Mesmo sem justa causa comprovada, a assembleia pode destituir o administrador — mas neste caso pode existir obrigação de indemnização se houver contrato com prazo (aplica-se a empresas de administração com contrato).

Como convocar a assembleia de destituição

Se o administrador não convoca a assembleia (o que é frequente quando é ele o problema), qualquer condómino pode:

1. Pedir ao administrador que convoque assembleia extraordinária com o ponto da destituição. O administrador tem 20 dias para convocar.

2. Se o administrador não o fizer, qualquer condómino representando pelo menos 20% da permilagem pode convocar diretamente a assembleia, comunicando por carta a todos os condóminos com o mínimo de 10 dias de antecedência.

3. Requerimento ao tribunal — em último recurso, o tribunal pode ordenar a convocação e/ou nomear um administrador provisório.

Maioria necessária

A destituição requer maioria simples (mais de 50% da permilagem representada na assembleia). Com justa causa demonstrada, esta maioria é mais fácil de obter.

Após a destituição: recuperar a documentação

Este é um dos momentos mais críticos — e onde mais problemas surgem.

O administrador destituído é legalmente obrigado a entregar toda a documentação ao novo administrador:

  • Livro de atas
  • Extratos e documentação contabilística
  • Contratos com fornecedores
  • Chaves e cartões de acesso
  • Saldo das contas (transferência para nova conta ou para conta designada pelo novo administrador)

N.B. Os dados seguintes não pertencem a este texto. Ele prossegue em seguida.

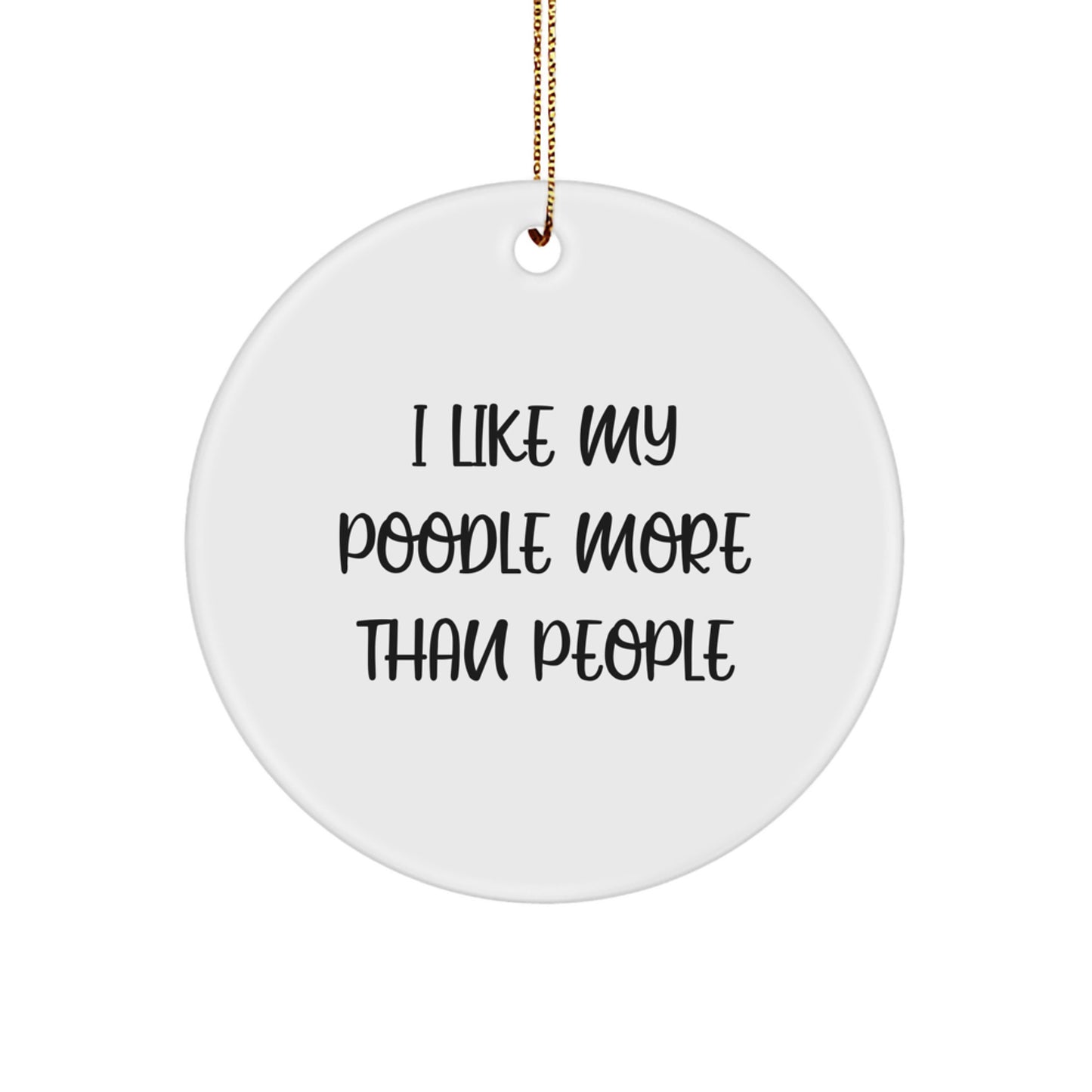 This Circle Ornament is a thoughtful and humorous way to celebrate the special bond between a Poodle Dog and its owner. It's a great conversation starter and will be a treasured keepsake for years to come. So why not give the gift of laughter and joy this holiday season? Get your 'I Like My Poodle More Than People' Circle Ornament today and make it a Christmas to remember!

Prazo: Habitualmente imediato ou nos dias seguintes à deliberação.

Se o administrador destituído se recusar a entregar:

  1. Notificação por carta registada com prazo de 5 dias
  2. Participação ao Ministério Público (em caso de eventual apropriação)
  3. Ação judicial de entrega — pode incluir pedido de arresto de bens

Responsabilidade civil do administrador

Se o administrador causou danos ao condomínio (má gestão financeira, obras sem aprovação, não realização de obras urgentes que causaram danos), o condomínio pode intentar ação de responsabilidade civil para obter indemnização.

O que é necessário provar:

  • O incumprimento (o que o administrador devia ter feito e não fez)
  • O dano (o valor do prejuízo causado)
  • O nexo de causalidade (o incumprimento causou o dano)

Para empresas de administração, o seguro de responsabilidade civil profissional deve cobrir estes casos — verifique se a empresa o tinha.

O administrador provisório: alternativa enquanto não há substituto

Se a destituição ocorre e não há um novo administrador pronto para substituir imediatamente, pode solicitar ao tribunal a nomeação de um administrador provisório.

Esta figura gere o condomínio temporariamente até a assembleia eleger um novo administrador permanente.

Como evitar o problema: seleção e supervisão

A melhor proteção é escolher bem desde o início:

  • Verificar referências antes de contratar
  • Exigir extrato bancário mensal
  • Rever as contas na assembleia anual com atenção
  • Nomear uma comissão de condóminos para acompanhamento

Uma supervisão ativa durante o mandato é muito mais eficaz (e económica) do que remediar danos depois.

Conclusão

Os condóminos não estão indefesos face a um administrador que não cumpre. O direito à informação, a convocação de assembleia e a destituição são ferramentas reais e acessíveis. O segredo está em agir cedo — quanto mais tempo dura o problema, maiores os danos e mais difícil a recuperação.